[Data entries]

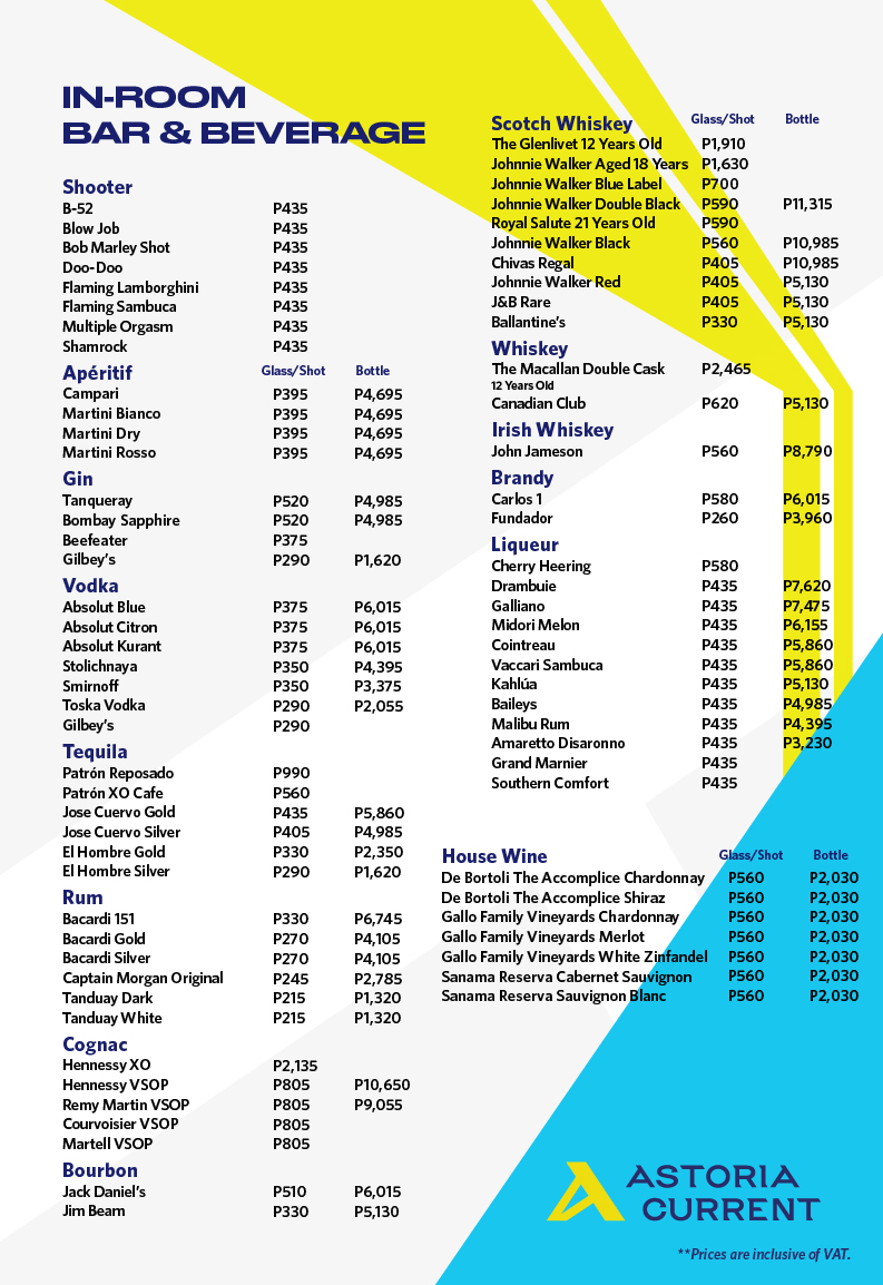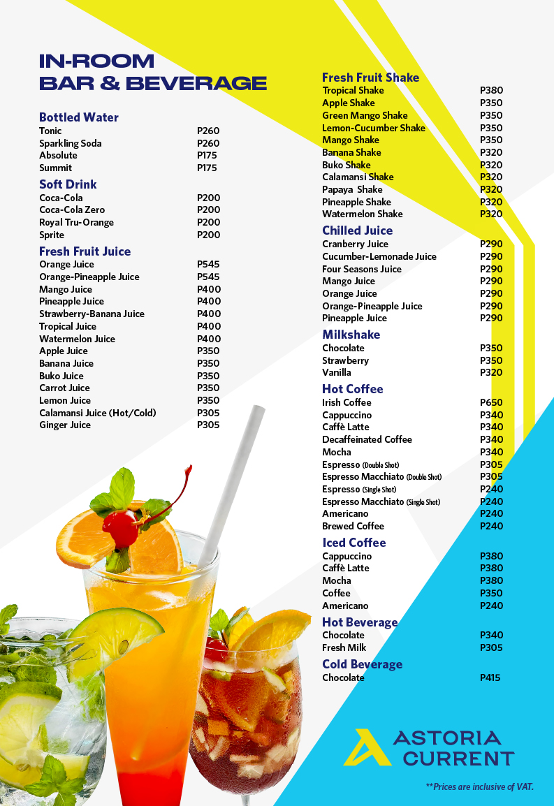 *In-room service will incur a 10% surcharge on top of the regular rates above. **Prices above are inclusive of tax.
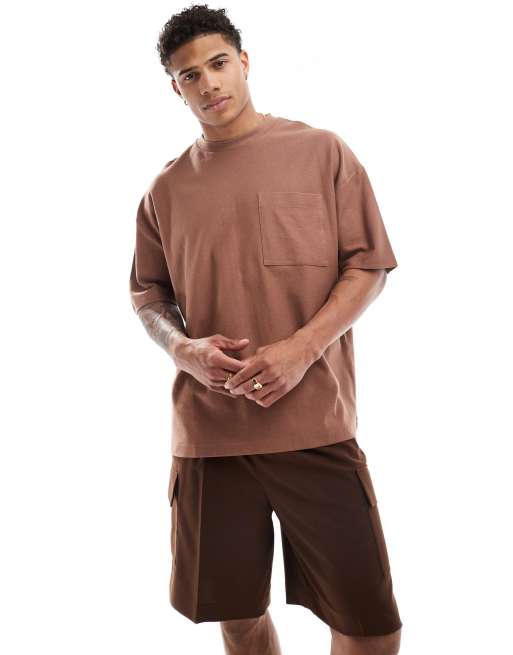 ASOS DESIGN – Brązowy luźny T-shirt z dzianiny boucle
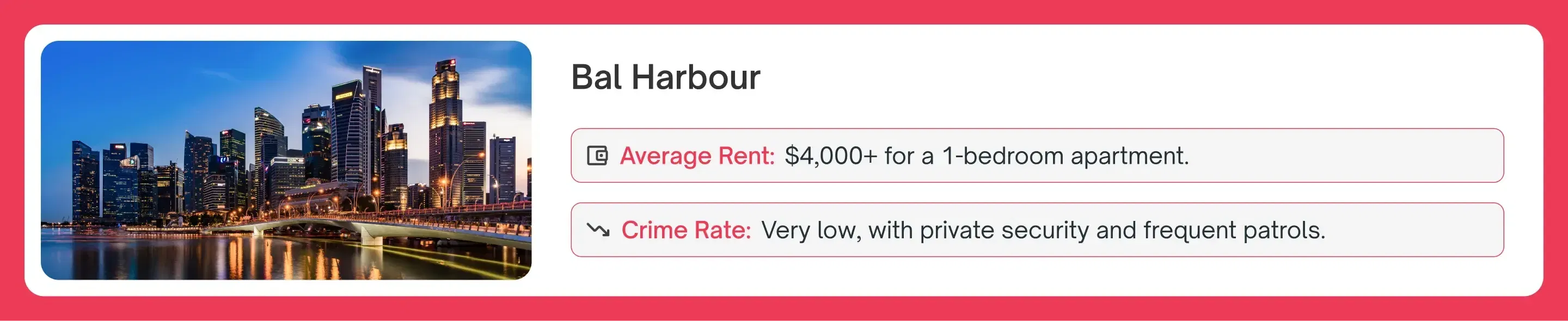 Why is it Safe? Exclusivity of the neighborhood and its high-profile neighbors guarantee Bal Harbour continues to be among the safest locales in Miami. High-end security features and private patrols are primary reasons why it stays safe.
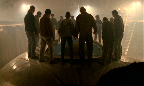 The alien craft emerges and burns them (like another UFO burnt the Faceless Rebels in 5X14: The Red and the Black); the Acolytes are in religious rapture, actually happy that they are taken by the ‘purifying light’ of the aliens. They are not considered equals by the Colonists, they are not even considered important. Perhaps they are a group of hybrids that was created years ago and that was left completely alone after the destruction of the Syndicate in 1999, after which the alien Colonists used other means than the classic hybrids to advance their plans. These hybrids instituted this religion to make sense of their existence. This still doesn’t explain some features of these hybrids, such as the glowing eyes, the flash of light and telekinesis, which we had not seen in hybrids before.
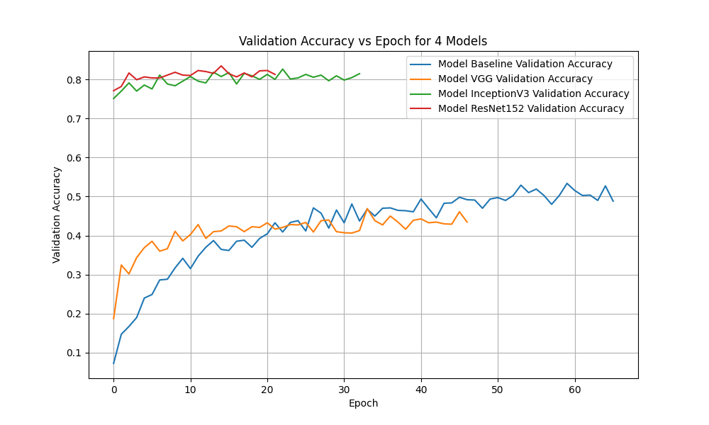 The project integrates data augmentation, transfer learning, and hyperparameter tuning to optimize performance. It trained or fine tuned a Baseline Model, a VGG Model, a Inception Model and a ResNet Model. The goal is to create an efficient, accurate system capable of classifying food images. This project is hosted within my home server
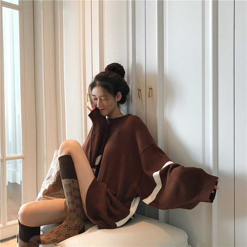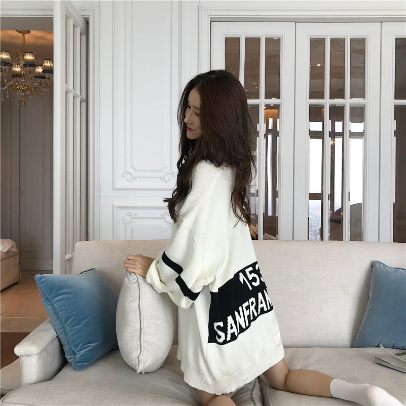 韓版時尚網紅毛衣女2018新款寬松慵懶風中長款字母毛衣套頭上衣潮
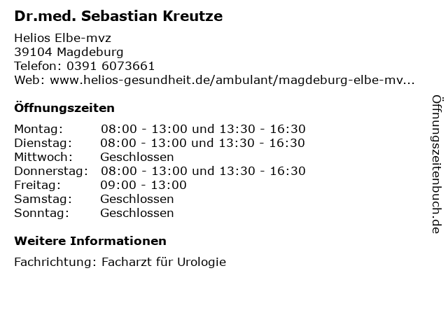 | Öffnungszeiten Dr.med. Sebastian Kreutze in Magdeburg anzeigen | |
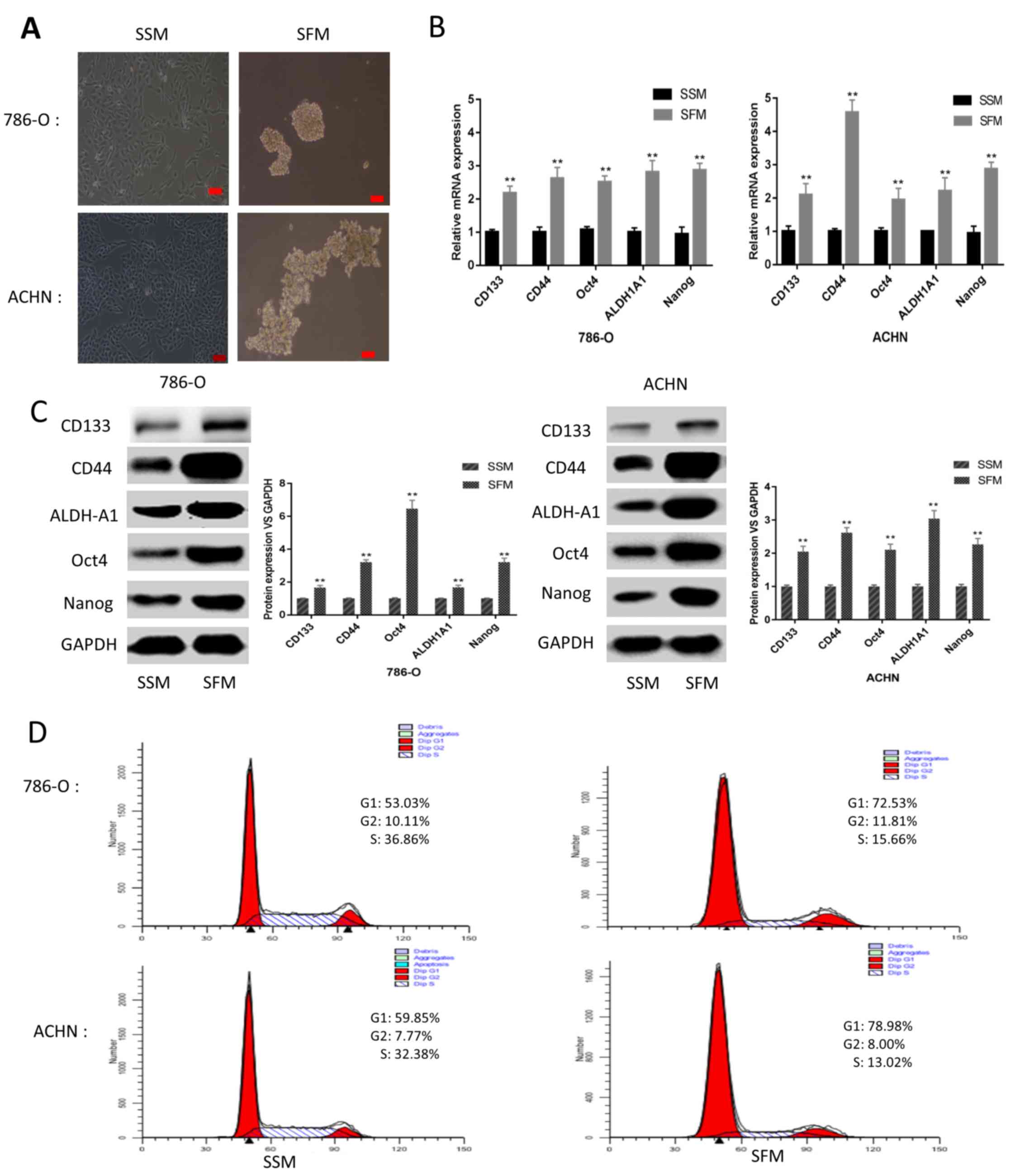 A number of studies have reported that CSCs have the ability to grow in suspension and to form spheres through culturing under SFM conditions (10,25,26). Therefore, a tumor sphere formation assay via culturing in SFM is an efficient way to isolate and enrich CSCs. In the present study, 786-O and ACHN cell lines were able to form stable cell spheres following culturing in SFM for 5 days (Fig. 1A). To further elucidate the CSC characteristics of the sphere-forming cells, mRNA and protein expression levels of renal CSC markers, including Nanog, Oct4, ALDH1A1, CD44 and CD133, were detected. Following culturing under SFM conditions for 5 days, the mRNA and protein expression levels of CSC markers were markedly upregulated compared with adherent cells cultured under SSM conditions (Fig. 1B and C). Furthermore, FCM analysis of the cell cycle distribution suggested that the sphere-forming cells were primarily arrested at G0/G1 phase instead of S1 phase, in contrast to the adherent cells (Fig. 1D). These results illustrated the CSC characteristics of the cells cultured under SFM conditions.
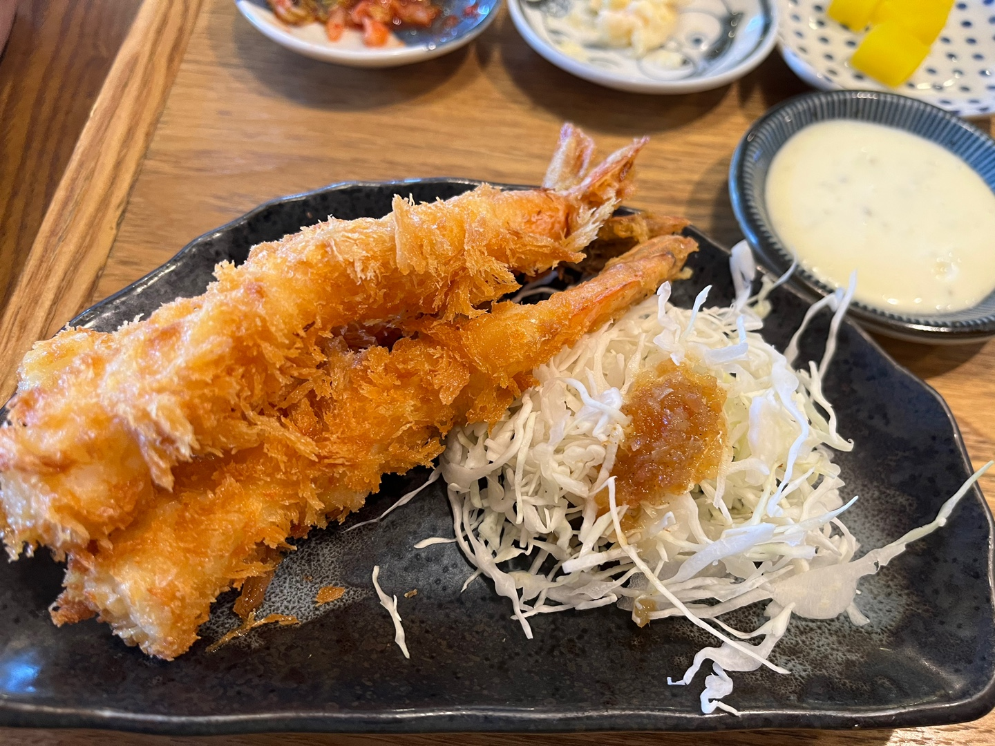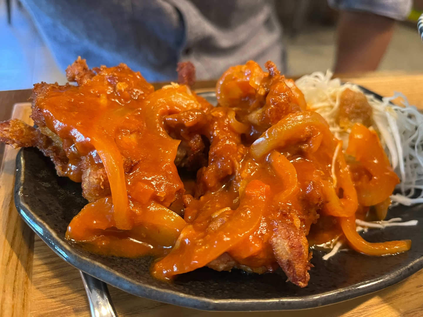 새우튀김도 그냥 그랬는데, 소스가 너무 밍밍하고 맛이 없어서 놀랐고, 가라아게는 매운 가라아게라길래 매운 반죽으로 튀긴 가라아게인 줄 잘못 예상해서, 나온 걸 보니 약간 매콤하고 케찹맛 나는 하이라이스 소스? 같은 걸 뿌려주셨는데, 아 정말 그냥 가라아게 시킬 걸 그랬나 싶었습니다. 소스가 너무 별로였어요. 나름 저는 대중적인 입맛을 가지고 있다고 생각하고 있고, 최근엔 식당들의 맛이 상향 평준화되어 왠만하면 맛없다는 소리는 안 나오는데 여기는 정말 맛없다는 생각이 들었어요.
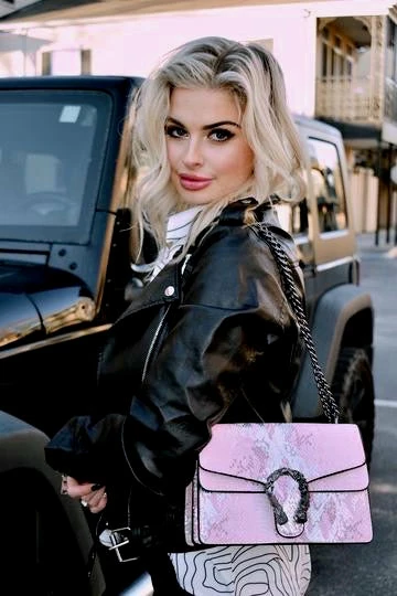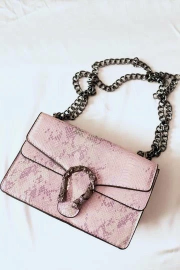 pink and silver snakekin print purse
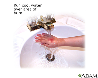 - Run cool water over the area of the burn or soak it in a cool water bath (not ice water). Keep the area under water for at least 5 to 30 minutes. A clean, cold, wet towel will help reduce pain.
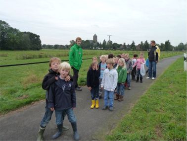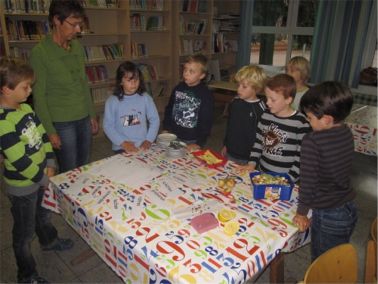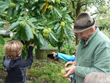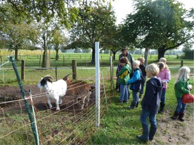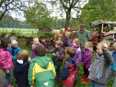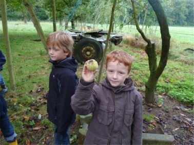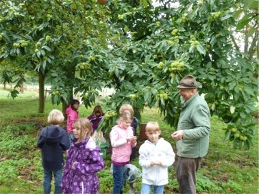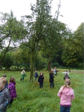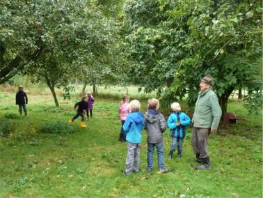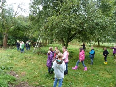 Projekt “Apfel” in der Klasse 1/2 a Im Laufe der Woche besuchte die Klasse die Streuobstwiese der Fam. Hahlen. Hier entdeckten die Kinder die Unterschiede verschiedenster Bäume samt ihrer Früchte. Ein Junge fand den dicksten Apfel. Sogar ein Pfirsich wurde noch gefunden. Die Pflaumen- und Birnbäume waren leider schon geleert. Dafür konnten die Kinder noch viele Kastanien und Nüsse sammeln. Auch die Gänse, Ziegen und Pferde fanden großes Interesse. Vor dem Haus wuchs ein äußerst merkwürdiger Kürbis. Mit vollen Taschen ging es zurück zur Schule. Danke Fam. Hahlen für Ihre Gastfreundschaft! |

◆ **Your goal**
In the data above, find the line with "The project integrates" and the line with "anzeigen | |". Please copy exactly those two lines and every line between them, but not the pictures.

◆ **Task solution**
 The project integrates data augmentation, transfer learning, and hyperparameter tuning to optimize performance. It trained or fine tuned a Baseline Model, a VGG Model, a Inception Model and a ResNet Model. The goal is to create an efficient, accurate system capable of classifying food images. This project is hosted within my home server
 韓版時尚網紅毛衣女2018新款寬松慵懶風中長款字母毛衣套頭上衣潮
 | Öffnungszeiten Dr.med. Sebastian Kreutze in Magdeburg anzeigen | |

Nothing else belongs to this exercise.